Barnes v. Mathis

353 S.W.3d 760, 55 Tex. Sup. Ct. J. 63, 2011 Tex. LEXIS 803, 2011 WL 5042020
CourtTexas Supreme Court
DecidedOctober 21, 2011
DocketNo. 10-0669
StatusPublished
Cited by59 cases

This text of 353 S.W.3d 760 (Barnes v. Mathis) is published on Counsel Stack Legal Research, covering Texas Supreme Court primary law. Counsel Stack provides free access to over 12 million legal documents including statutes, case law, regulations, and constitutions.

Bluebook
Barnes v. Mathis, 353 S.W.3d 760, 55 Tex. Sup. Ct. J. 63, 2011 Tex. LEXIS 803, 2011 WL 5042020 (Tex. 2011).

Opinion

PER CURIAM.

At issue in this case is whether the court of appeals erred in rendering judgment for a plaintiff who received an adverse verdict and take-nothing judgment after a jury trial. When a party with the burden of proof loses at trial and asks an appellate court to render judgment in his favor, that party must show that the evidence conclusively established his entitlement to judgment. Because the court of appeals incorrectly applied this standard and Mathis did not conclusively prove his nuisance and trespass claims, we reverse in part its judgment and remand the case to the court of appeals to determine factual sufficiency issues raised below.

Dr. Lee Roy Mathis and H.E. “Buster” Barnes own adjoining property in Anderson County. Lake Creek runs through both tracts, and Mathis’s 1,254 acre property is located upstream from Barnes’s. Mathis maintained a wetlands complex on much of his land, which attracted beavers, waterfowl, and other wildlife. Barnes’s tract was used predominantly as a pasture. In September 2006, Barnes constructed an earthen road across the creek to more easily access his back pasture. To accommodate water flow in the creek, Barnes installed two twenty-eight-inch culverts, or drainage pipes, into the structure. In October 2006, Mathis noticed an elevated water level in the creek, which he suspected was caused by Barnes’s road. By November, Mathis noticed that creek water encroached onto his property, and he asked Barnes to modify the road. Barnes later installed an additional culvert into the structure. In December 2006, Mathis returned to his property after a twelve-day absence to discover that Barnes’s road was washed away. The flooding — and subsequent drainage — also affected over four hundred acres of Mathis’s property, damaging beaver dams, affecting the wildlife population, and draining the wetlands.

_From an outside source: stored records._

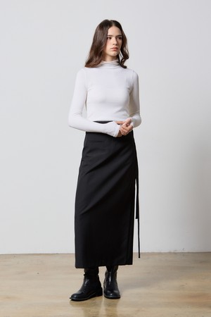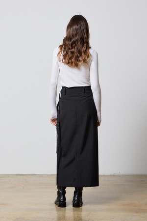 WOOL FRONT POCKET BELT LONG SKIRT BLACK F5
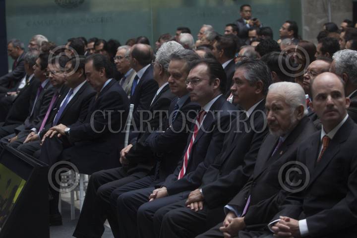 MÉXICO, D.F., 29AGOSTO2013.- Ernesto Cordero, presidente de la mesa directiva del Senado de la República, presento el informe de actividades del primer año de actividades de la LXII Legislatura. En la imagen Luis Videgaray, secretario de Hacienda, lo felicita ya que el próximo sábado concluye su periodo al frente de la Cámara Alta. FOTO: MOISÉS PABLO /CUARTOSCURO.COM
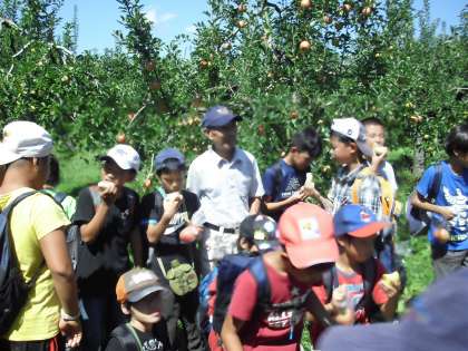 リンゴ園にお別れして、最後の体験のSL乗車と昼食後のお土産を買いに向かいました。途中は川場の村の様子を見学しながら、いよいよ最後の活動です。
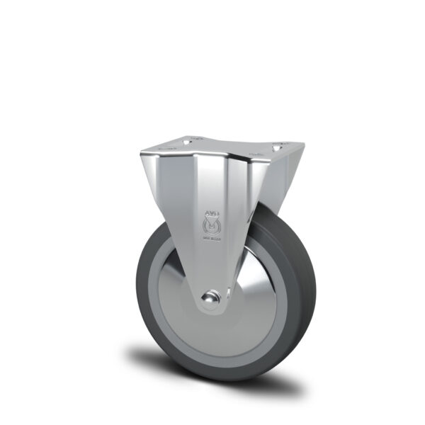 Ryðfrí hjól frá AVO, kjammarnir eru úr 304 ryðfríu stáli og baninn á hjólinu er polyurethan sem gefur örlitla mýkt en lítið viðnám, legur í snúning eru ryðfríar kúlulegur.
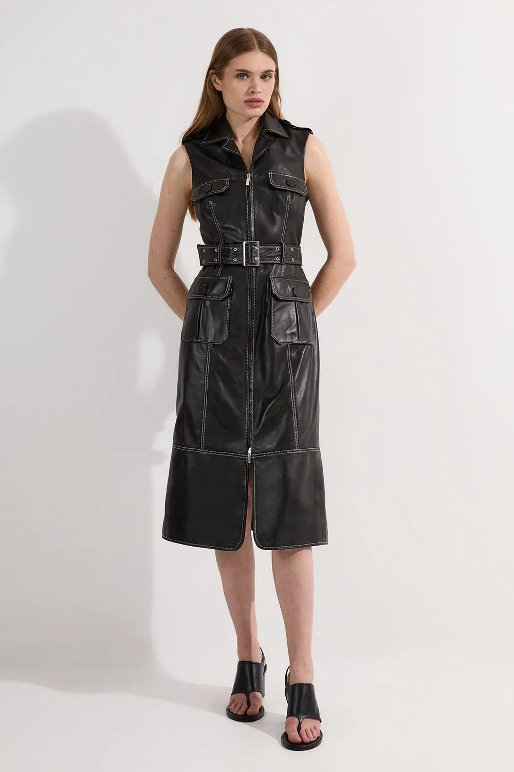 Leather Contrast Stitch Belted Sleeveless Midi Dress - Black - This Karen Millen leather midi dress features distinctive contrast stitching and utilitarian details. The structured collared neckline and belted waist create a flattering silhouette that celebrates feminine strength. Style with chunky black leather sandals as seen on our model for daytime outings, or pair with white trainers and a crossbody bag for weekend brunches. For cooler days, layer over a fitted turtleneck and add ankle boots for an effortlessly chic ensemble. The versatile midi length works beautifully for family gatherings or casual lunch dates. This standout piece transitions seamlessly from day to evening, simply swap your footwear and add statement jewellery to refresh your look for dinner plans. Crafted from genuine leather with striking contrast stitching for a bold, contemporary edge Sleeveless silhouette with a smart collared neckline and full-length front zip closure Statement belted waist with a rectangular buckle that defines and flatters your figure Four practical utility pockets with button closures add functional detail to the design Midi length with a subtle front split that allows for ease of movement
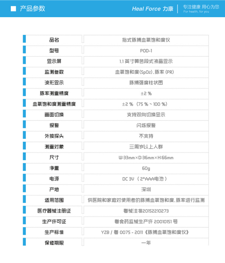 力康便携式血氧仪POD-1
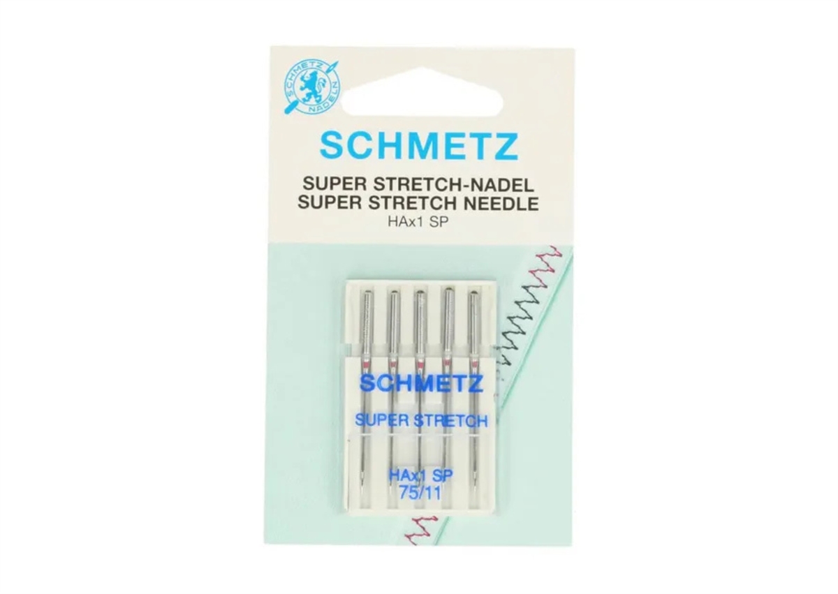 Schmetz Super Stretch 75/11 symaskinenåle er specialnåle, der bruges til at sy i meget elastiske og strækbare materialer som lycra, jersey, badetøj og sportstøj.
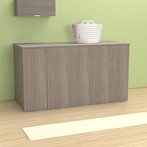 Ve.Ca. Mobile lavanderia con ante Riga 175 cm in legno, copri lavatrice/asciugatrice, diversi colori, anche su misura, bagno (Rovere grigio)
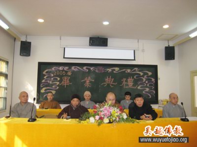 据吴越佛教报道:1月25日上午9时30分,杭州佛学院2006届毕业典礼在佛学院多媒体教室隆重举行。出席典礼的有省市民宗委与佛协领导,兄弟寺院的住持,校内的法师、老师及学僧。典礼由杭州佛学院教务主任刚晓法师主持并致辞。
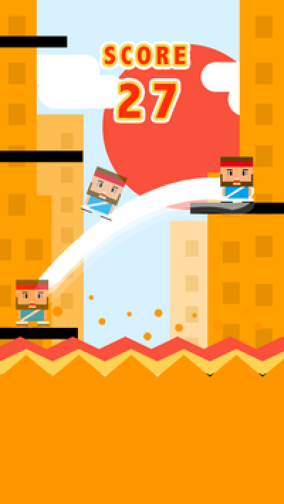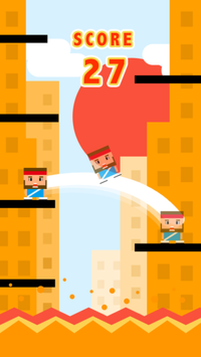 在游戏中你要控制主角不断跳跃,准确的落在各种平台之上,如果落地,等待你的就是岩浆的灼烧!不断刷新自己的游戏记录,你可以在游戏中得到多少分呢?考验你的时候到了,完成游戏中的考验,快来开始你的向上之旅。
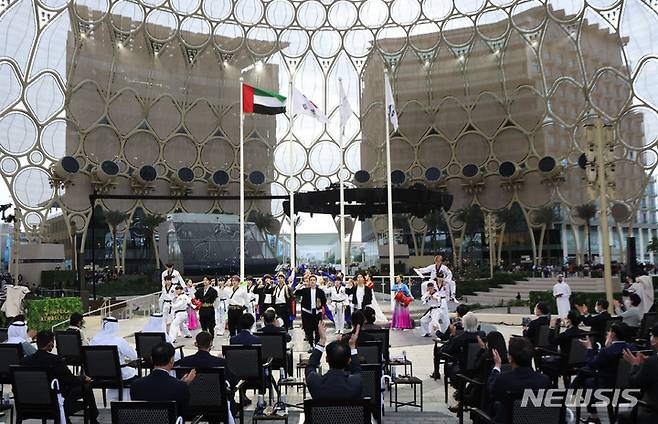 [두바이=뉴시스] 김진아 기자 = 문재인 대통령과 김정숙 여사가 16일(현지시간) 아랍에미리트 두바이 엑스포 알 와슬 플라자에서 열린 두바이 엑스포 한국의 날 공식행사에서 문화공연을 보고 있다. 2022.01.16. bluesoda@newsis.com
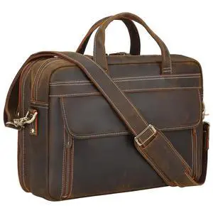Masa Kawa Vintage Full Grain Leather Briefcase for Men 17" Laptop Computer Brief Case Business Travel Work Messenger Cross Body Shoulder Bag
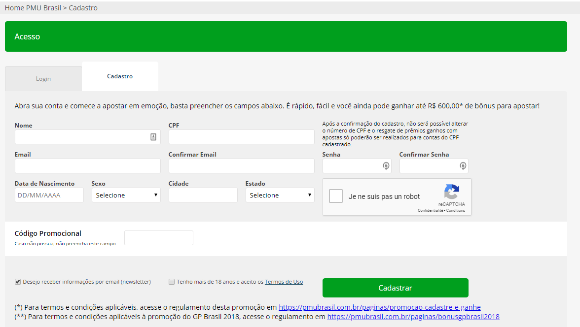 Um ponto bastante positivo do PMU é a facilidade de compreensão do site. Ele preza por ser claro e objetivo, fazendo com que mesmo os usuários mais novatos saibam se virar tranquilamente. O mesmo se aplica ao processo de abertura de conta: tudo fácil e prático.
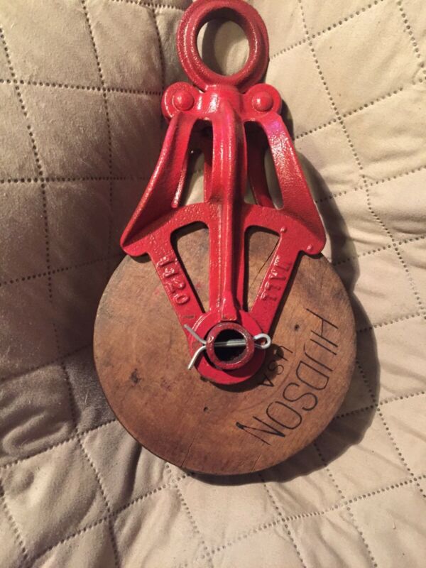 Title (ebay affiliate link): VINTAGE PULLEY HUDSON MFG CO BLOCK & TACKLE FARM BARN TOOL WOOD IRON Post-1905

Mathis sued Barnes, alleging negligence, gross negligence, nuisance, and trespass. At trial, Mathis argued that Barnes’s road acted as a dam, causing a large amount of water to accumulate, which eventually destroyed Barnes’s road and damaged much of Mathis’s land. Barnes countered that an upstream event caused the flooding and produced evidence that Mathis’s property did not lose value and Mathis did not suffer non-economic damages. After a jury answered “No” as to each of Mathis’s causes of action, the trial court entered a take-nothing judgment.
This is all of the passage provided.